Using RNA sequencing for individual pediatric cancer cases could more effectively target gene expression in tumors, according to a new study published in JAMA Network Open.
The data, pulled from 4 precision medicine clinical trial databases, showed RNA targets could be more informative than DNA sequences, the study authors wrote.
“Herein, we described a framework for including RNA-Sequenced-derived gene expression information into precision medicine studies,” they concluded. “Most notably, we show for the first time to date that such a framework can be used consistently across separate precision medicine clinical trials.”
The study was conducted as a consortium between University of California Santa Cruz’s Treehouse Childhood Cancer Initiative. It focused on gene expression in 144 tumor samples taken from 128 patients between January 2016 and March 2017 at 4 clinical sites: the British Columbia Children’s Hospital in Vancouver (n = 31), the Lucile Packard Children’s Hospital at Stanford University (n = 80), the CHOC Children’s Hospital and Hyundai Cancer Institute in California (n = 46), and the Pacific Pediatric Neuro-Oncology Consortium in San Francisco (n = 24).
Median age at diagnosis was 9 years (range, 0 to 26).
The Treehouse Childhood Cancer Initiative did secondary analysis of each site’s tumor RNA-Sequence data, by either downloading the data in the cloud or by providing a Docker pipeline composed of gene-level expression calculation, which was run at the partner institution. Gene expression outlier analysis and identification of potential drug-targetable genes and pathways was conducted at UCSC, according to the study.
The Drug-Gene International Database was also instructed to query for drug-gene interactions among the 4 curated cancer databases (CIViC, Cancer Commons, My Cancer Genome, and My Cancer Genome Clinical Trial).
The RNA of each of the patients was compared against 11,340 uniformly analyzed adult, pediatric, and young adult tumor profiles in a compendium made up of public data.
The RNA, when compared to DNA, showed more efficacious routes for treatment, according to the paper. Among the 144 tumor samples, 99 comparative RNA sequencing analyses (68%) were feasible and potentially useful. The DBNA mutation information was potentially useful for only 34 of 74 samples (46%).

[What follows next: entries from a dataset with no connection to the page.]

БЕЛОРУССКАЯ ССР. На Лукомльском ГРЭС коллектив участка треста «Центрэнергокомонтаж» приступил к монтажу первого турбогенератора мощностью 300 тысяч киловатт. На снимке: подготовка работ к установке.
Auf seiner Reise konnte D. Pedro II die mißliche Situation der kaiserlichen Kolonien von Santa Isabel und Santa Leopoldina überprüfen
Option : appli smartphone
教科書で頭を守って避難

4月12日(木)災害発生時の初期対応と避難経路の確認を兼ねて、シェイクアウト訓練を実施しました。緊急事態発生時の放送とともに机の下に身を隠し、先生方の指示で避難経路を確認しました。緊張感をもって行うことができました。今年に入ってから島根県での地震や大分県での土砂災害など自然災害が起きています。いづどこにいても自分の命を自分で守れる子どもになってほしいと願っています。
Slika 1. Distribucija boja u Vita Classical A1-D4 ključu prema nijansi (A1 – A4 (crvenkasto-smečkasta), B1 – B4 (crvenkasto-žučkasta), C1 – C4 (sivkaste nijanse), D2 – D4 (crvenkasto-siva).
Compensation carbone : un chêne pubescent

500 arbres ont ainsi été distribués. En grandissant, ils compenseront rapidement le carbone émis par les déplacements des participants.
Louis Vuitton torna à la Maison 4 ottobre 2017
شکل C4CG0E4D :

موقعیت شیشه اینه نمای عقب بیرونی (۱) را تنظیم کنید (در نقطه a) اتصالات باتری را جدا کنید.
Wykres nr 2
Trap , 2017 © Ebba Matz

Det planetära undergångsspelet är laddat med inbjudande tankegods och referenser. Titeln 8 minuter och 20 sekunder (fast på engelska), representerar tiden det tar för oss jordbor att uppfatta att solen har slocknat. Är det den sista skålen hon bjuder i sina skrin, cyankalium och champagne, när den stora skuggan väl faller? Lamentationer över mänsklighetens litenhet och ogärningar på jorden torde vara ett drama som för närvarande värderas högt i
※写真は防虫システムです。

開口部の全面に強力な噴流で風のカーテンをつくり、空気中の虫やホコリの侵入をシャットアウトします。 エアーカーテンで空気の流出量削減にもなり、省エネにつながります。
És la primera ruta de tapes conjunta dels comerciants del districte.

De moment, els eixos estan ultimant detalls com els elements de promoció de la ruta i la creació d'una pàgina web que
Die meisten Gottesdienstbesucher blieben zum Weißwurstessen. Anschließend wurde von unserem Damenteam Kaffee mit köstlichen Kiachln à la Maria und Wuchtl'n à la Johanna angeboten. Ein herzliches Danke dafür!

For 36% of tumor samples, druggable and overexpressed genes and/or pathways were identified based on RNA analysis alone, and were not found by assessing the tumor DNA.
Overall, the overexpression of 92 genes was considered directly or indirectly actionable.

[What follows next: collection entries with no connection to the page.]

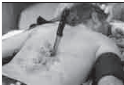
Obr. 1. Nůž byl pevně zaklíněn v oblasti dolní hrudní páteře.

Symptomatika po příjezdu na Neurochirurgické oddělení Nemocnice České Budějovice (ASIA): neurologická hranice C4. Zóna parciální inervace C5–L2. Motoricky C5–S1 vpravo stupeň 0 svalového testu. Vlevo C5–Th1 stupeň 4 a L2 stupeň 3 svalového testu. Od L3 kaudálně je přítomna totální paralýza. Volní kontrakce anu byla přítomna. Senzitivně pro obě modalit: C4 stupeň 2 oboustranně. Od C5 kaudálně stupeň 1 vpravo a stupeň 2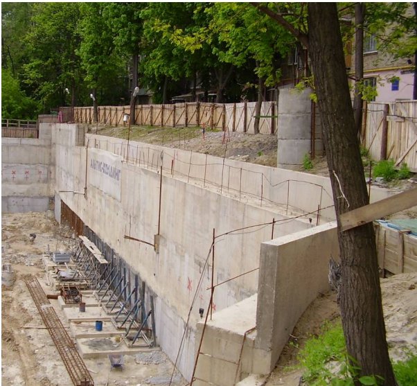
Рис.1. Загальний вигляд влаштування глибокого котловану та підпірної стіни в умовах щільної забудови.

Як приклад розглядається проблема будівництва підпірних стін огорожуючих конструкцій глибоких котлованів в умовах щільної забудови (рис.1). В інженерно-геологічному відношенні ділянка, відведена під будівництво, характеризується досить складними інженерно-геологічними умовами. Це обумовлено наявністю значної потужності насипних ґрунтів з низькими міцнісними показниками, високим рівнем підземних вод, та розташуванням ділянки на схилі.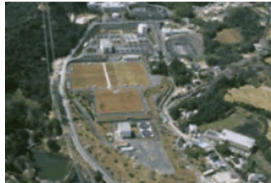
Nhà máy xử lý nước Meotoishi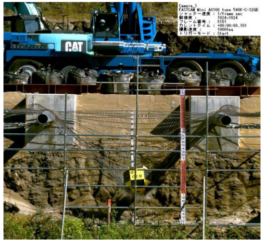
重錘衝突実験状況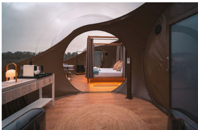
INTERIOR HOTEL MILUNA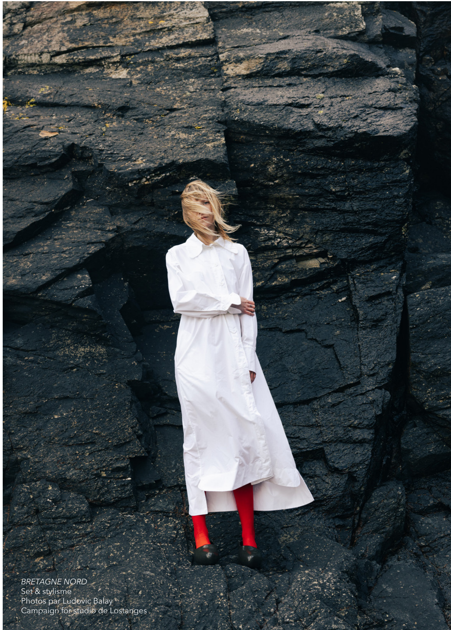
BRETAGNE NORD Set & stylisme Campaign for studio de Lostanges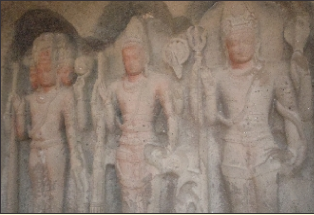
ಎಲ್ಲೋರಾದಲ್ಲಿ ಬ್ರಹ್ಮ-ವಿಷ್ಣು-ಮಹೇಶ್ವರರ ಅಪೂರ್ವ ಕೆತ್ತನೆ

“The most common gene expression outlier was FLT3 (OMIM 136351), overexpressed in 16 samples, all from hematopoietic tumors. This was followed by BTK (OMIM 300300) and CDK6 (OMIM 603368), overexpressed in 14 samples each,” the researchers wrote. “While BTK was overexpressed in 14 hematopoietic tumors, CDK6 was expressed in both hematopoietic and nonhematopoietic tumors, including neuroblastomas and gliomas.
“The most common gene expression outlier in nonhematopoietic tumors was PTCH1 (OMIM 601309), overexpressed in 11 samples from craniopharyngioma, neurofibroma, sarcoma, glioma, medulloblastoma, and osteosarcoma,” they added. “The most common overrepresented gene set was receptor tyrosine kinases, overexpressed in 55 samples from all diagnostic categories.”
The authors said in a UC Santa Cruz statement that they designed the research as a feasibility study to show they can get data for prospective patients and analyze it quickly enough to benefit individuals.
“In pediatric cancer, it often isn’t a DNA mutation driving the cancer but an error in development caused by a change in how gene expression is regulated,” said Olena Vaske, the corresponding author, the Colligan Presidential Chair in Pediatric Genomics at the University of California Santa Cruz. “We showed for the first time that this framework can be used consistently across separate precision medicine clinical trials.”
Vaske O, Bjork I, Salama S, et al. Comparative Tumor RNA Sequencing Analysis for Difficult-to-Treat Pediatric and Young Adult Patients With Cancer. JAMA Network Open. 2019;2(10):e1913968. doi:10.1001/jamanetworkopen.2019.13968.